In this study, we also reveal that p53 protein is a novel substrate for PIMT. We show that asparagine residues 29 and 30 of p53 are methylated by PIMT in vivo and in vitro. We demonstrate that PIMT depletion hinders the interaction between p53 and HDM2, resulting in an augmentation of the p53 protein. We also observe that the protein levels of p53 mutants in which asparagine residues 29 and 30 are replaced with glutamines or alanines are increased, as indicated by the reduction of their binding to HDM2. These results suggest that PIMT and its methylation of p53 are required for p53 destabilization through the enhancement of the interaction between HDM2 and p53. Because the PIMT-mediated methylation of p53 could directly regulate the interaction between HDM2 and p53, PIMT might act as a regulator for the maintenance of p53 steady-state levels, and the interaction of p53 and HDM2 could be regulated through the PIMT-mediated methylation of isoaspartyl residues.
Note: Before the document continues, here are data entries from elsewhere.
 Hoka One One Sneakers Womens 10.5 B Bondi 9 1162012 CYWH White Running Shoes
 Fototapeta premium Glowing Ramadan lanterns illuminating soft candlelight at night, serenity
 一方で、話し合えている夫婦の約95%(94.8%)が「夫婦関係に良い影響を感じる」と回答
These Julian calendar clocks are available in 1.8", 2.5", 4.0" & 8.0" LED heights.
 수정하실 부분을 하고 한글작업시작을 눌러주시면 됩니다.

The surface plasmon resonance analysis and a competitive binding assay demonstrate that p53 deamidation impairs the binding to HDM2, while methylation of deamidated p53 enhances it (Supplementary Figs S14a–c and S15a,b). These observations support the hypothesis that PIMT might act as a regulator for the maintenance of p53 steady-state levels by tagging p53 for degradation rather than by repairing the isoaspartyl residues to aspartates.
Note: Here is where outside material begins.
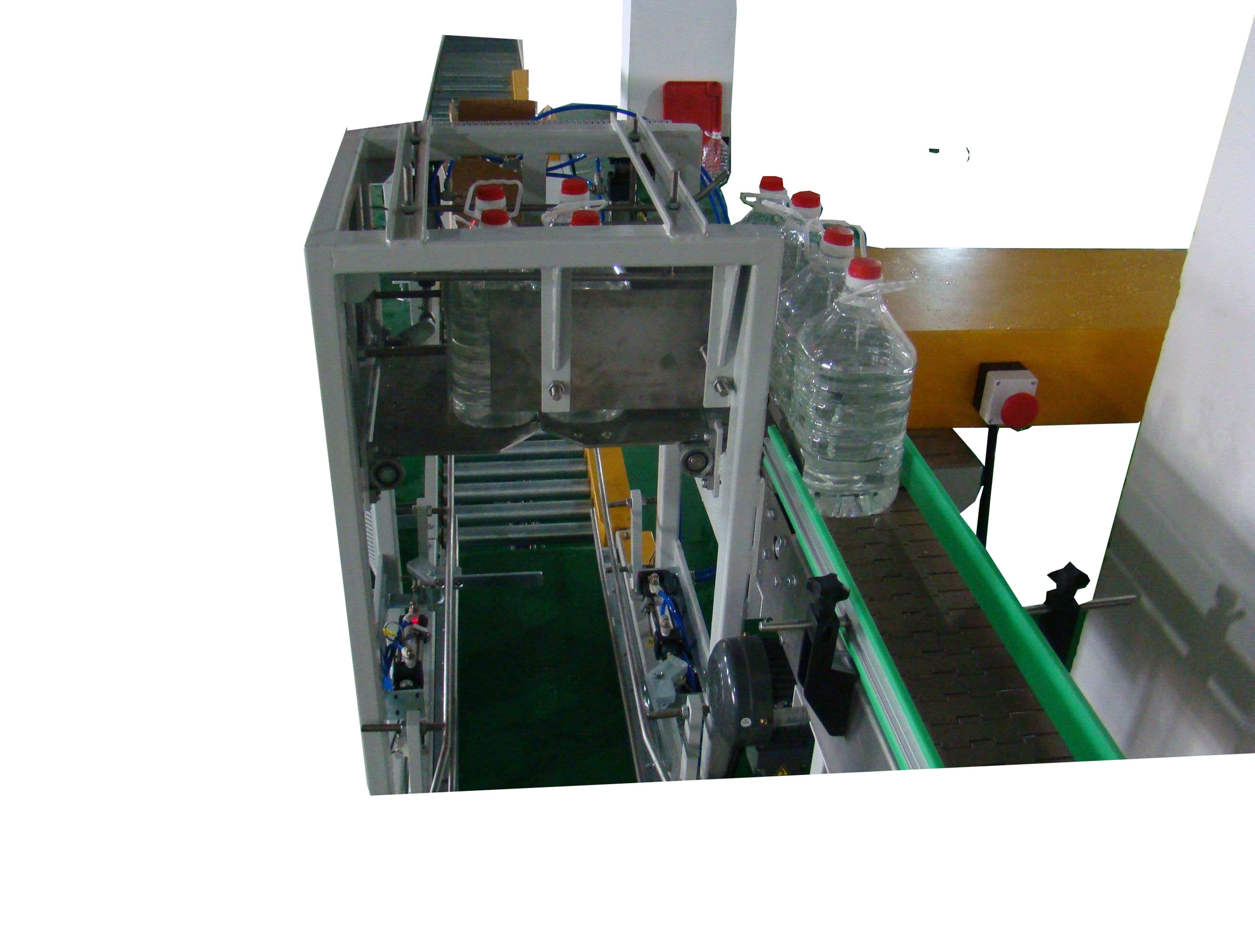 跌落式装箱机是一种根据桶装瓶型研发设计而出的经济型自动装箱机,主要采用的设计原理是根据产品的重量变大、下落引力大,然后从高位自动跌落入固定好的纸箱内,即完成产品的一次装填;可以根据产能设计一次一箱或多箱同时填充,整机系统采用PLC 控制,可以使产品精准定位、装箱规整;是企业实现无人化生产线必不可少的设备,可让企业大大节省人力和场地空间,精化管理。
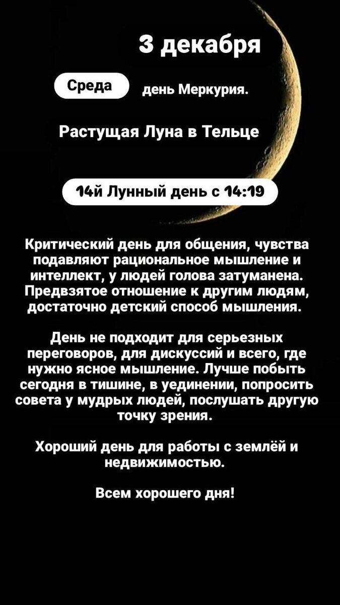 ▶️14 Лунный день с 14:19 Символ Труба. Очень мощный день, прорывной. ✅Если вы давно готовились к совершению решительного поступка, то этот день наилучшее время. ✅Не пропустите этот день: он исключительно удачен для начала любого важного дела. ✅Все начатое в эти сутки с блеском удаётся. Следующего такого шанса придётся ждать целый месяц. ✅День влияния грядущего Полнолуния, потому некоторые практики Полнолуния можно начинать проводить в этот день. ✅Очень хороша работа с растениями, цветами, травами на наведение негатива, особенно на одиночество и на сексуальные расстройства. ✅Любовные ритуалы и ритуалы на деньги будут иметь удачное продолжение. ❗️Магические практики и посещение кладбищ в этот день требуют особой осторожности. ❗️Для новичков проведение всех обрядов в этот день требует обязательной последующей чистки огнём и водой. 👍Запрещена любая работа с водой и с жидкостями вообще.

Although asparagine deamidation is a non-enzymatic and spontaneous reaction, it is now clear that the rate of asparagine deamidation primarily depends on the amino-acid residues near the asparagine in the peptide chain and the three-dimensional structure of the protein33,34,35. Several studies suggest that asparagine deamidation is not unregulated, but is genetically programmed and acts as an embedded clock that functions during the lifetime of a protein36,37. Thus, asparagine residues 29 and 30 of p53 might not be suitable for deamidation reaction because Asn–Asn–Val is an unusual deamidation-susceptible sequence36. However, we demonstrate that asparagine residues 29 and 30 in the p53 peptide could be rapidly deamidated in vitro, despite their unusual deamidation-susceptible sequence (Fig. 5b,c). Consistent with these observations, we also observe the deamidation of asparagine residues 29 and 30 in immunoprecipitated p53 in vivo (Supplementary Fig. S11a–d). Several studies demonstrate that the deamidation rate could also be regulated through signal-transduction pathways: the deamidation of Bcl-xL occurs in response to DNA damage12,13,14,15,16,19 and is suppressed by the Rb protein12, the p56lck kinase14, the BCR-ABL and mutant JAK2 proteins15. Thus, we speculate that there is a specific regulation mechanism for accelerating the asparagine deamidation of p53 in the intracellular environment, even though asparagine residues 29 and 30 of short-lived p53 are present in an unusual deamidation-susceptible sequence.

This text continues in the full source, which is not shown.